Lastly, how to choose the initial size of those 3 prior boxes? The author uses K-mean clustering to classify the total bounding boxes from the COCO dataset to 9 clusters before training. This results in 9 sizes chosen from 9 clusters, 3 for 3 scales. This prior information is helpful for the network to learn to compute box offset/coordinate precisely because intuitively, a bad choice of box size makes it harder and longer for the network to learn.

The above explanation is credited to

Let’s take a closer look at the improvements.

Improvements in YOLOv3

Bounding boxes

Bounding box prediction part is similar to YOLOv2, as, in x, y coordinates and width and height are predicted.
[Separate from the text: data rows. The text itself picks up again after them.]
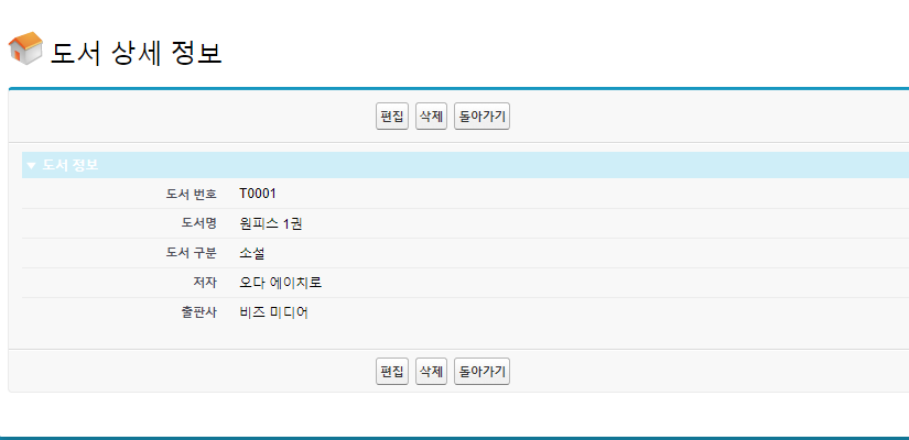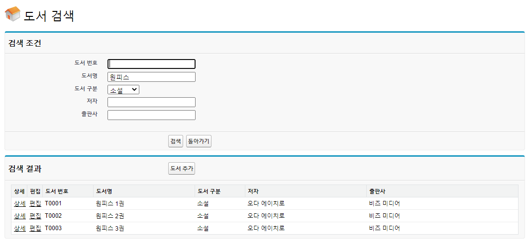 이상으로 간단히 도서를 검색, 참조, 등록, 수정, 삭제 할 수 있는 도서 관리 프로그램을 만들어 보았습니다.
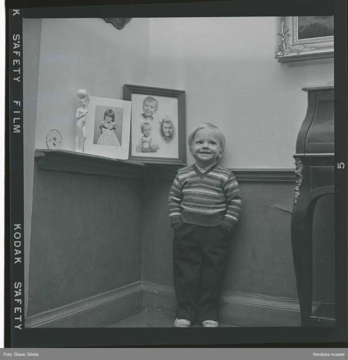 En liten pojke står framför ett par inramade fotografier av barn.
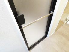 玄関から真っ直ぐに伸びた廊下には、正面のガラス扉を通してお部屋からの光が差し込んでいます。夜には人感センサーが自動的に照明を点けてくれるので、暗い中手探りでスイッチを探すなんてこともありませんよ。
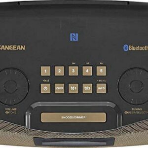 Sangean RCR-40 AM/FM Bluetooth Tabletop Wooden Clock Radio with Alarm and Sleep Timers
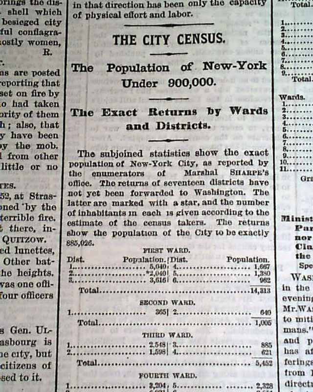 Other news of the day includes: "The City Census", "The War", "Long Island Fairs", "Baseball", and more.
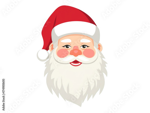 Cheerful Santa Claus head smiling warmly with a fluffy white beard and a red hat, spreading holiday joy and Christmas spirit, perfect for festive designs and seasonal greetings
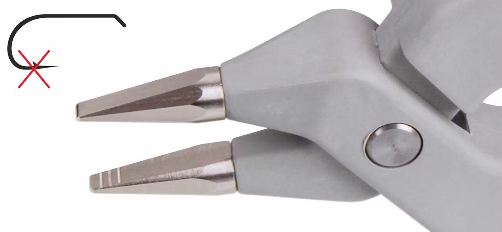 Dank ihrer flachen und dünnen Backen aus gehärtetem Stahl eignet sich die Zange nicht nur perfekt zum Entgraten von Haken, sondern auch hervorragend zum sicheren Lösen des Hakens aus dem Fischmaul. Die präzise Greiffläche ermöglicht kontrolliertes Arbeiten selbst bei kleinen Haken und feinen Drähten.
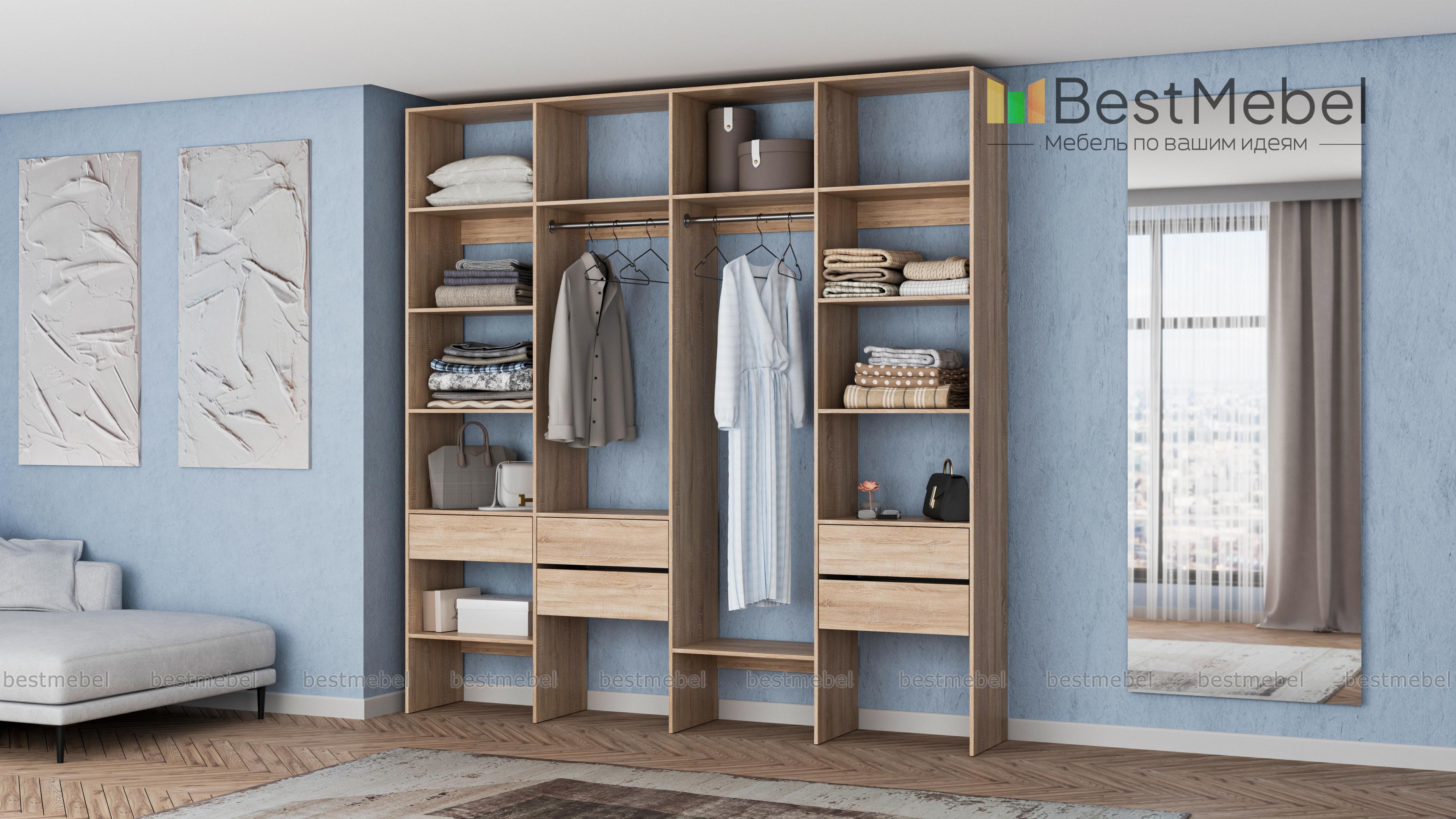 Стеллаж для одежды Мирта 68 BMS поможет вам рационально использовать пространство. Одежда и обувь, аксессуары и прочие необходимые вещи будут всегда в удобном доступе благодаря комбинации двух штанг, расположенных на разной высоте полок и пяти выдвижных ящиков. Прочная ламинированная плита обеспечивает конструкции надежность и немаловажную для гардеробной простоту ухода. Купить стеллаж для одежды Мирта 68 BMS приглашаем в наш интернет-магазин с выбором цвета и габаритов.

More bounding boxes per image

For an input image of the same size, YOLO v3 predicts more bounding boxes than YOLO v2. For instance, at its native resolution of 416 x 416, YOLO v2 predicted 13 x 13 x 5 = 845 boxes. At each grid cell, 5 boxes were detected using 5 anchors.

On the other hand, YOLO v3 predicts boxes at 3 different scales. For the same image of 416 x 416, the number of predicted boxes are 10,647. This means that YOLO v3 predicts 10x the number of boxes predicted by YOLO v2. You could easily imagine why it’s slower than YOLO v2. At each scale, every grid can predict 3 boxes using 3 anchors. Since there are three scales, the number of anchor boxes used in total is 9, 3 for each scale.

Class Predictions

For class predictions, SoftMax is not used like in YOLOv2, instead of independent logistic classifiers are used and binary cross-entropy loss is used to facilitate non-overlapping labels for multilabel classification in other more complex domain datasets.

Prediction Across Sales

Unlike YOLO and YOLO2 which predict the output at the last layer, YOLOv3 predicts boxes at 3 different scales as illustrated in the below image.

YOLO struggled with small objects. However, with YOLOv3 we see better performance for small objects, and that because of using short cut connections.

Features are extracted from these scales like the Feature Pyramid Network. The last layer predicts the bounding box, objectness and class predictions. The feature map is taken from 2 layers previous and is upsampled by 2X. A feature map is also taken from earlier in the network and merge it with the above up-sampled features using concatenation. It is like encoder-decoder architecture. This allows us to get more meaningful semantic information from the upsampled features and finer-grained information from the earlier feature map.

K-means clustering is used in YOLOv3 as well to find the better bounding box prior. 9 anchor boxes in case of the COCO dataset.

Feature Extractor

Instead of Darknet19 like in YOLOv2, this uses YOLOv3 Darknet53. Much deeper and better. According to the author, this is better than Resnet101 and Resnet 152.


Here is a diagram of YOLOv3’s network architecture. It is a feature-learning based network that adopts 75 convolutional layers as its most powerful tool. No fully-connected layer is used. This structure makes it possible to deal with images with any sizes. Also, no pooling layers are used. Instead, a convolutional layer with stride 2 is used to downsample the feature map, passing size-invariant feature forwardly. In addition, a ResNet-alike structure and FPN-alike structure is also a key to its accuracy improvement.


YOLOv3 is much better than SSD, FPN, and any other two-stage Faster R-CNN variants and has similar performance as DSSD.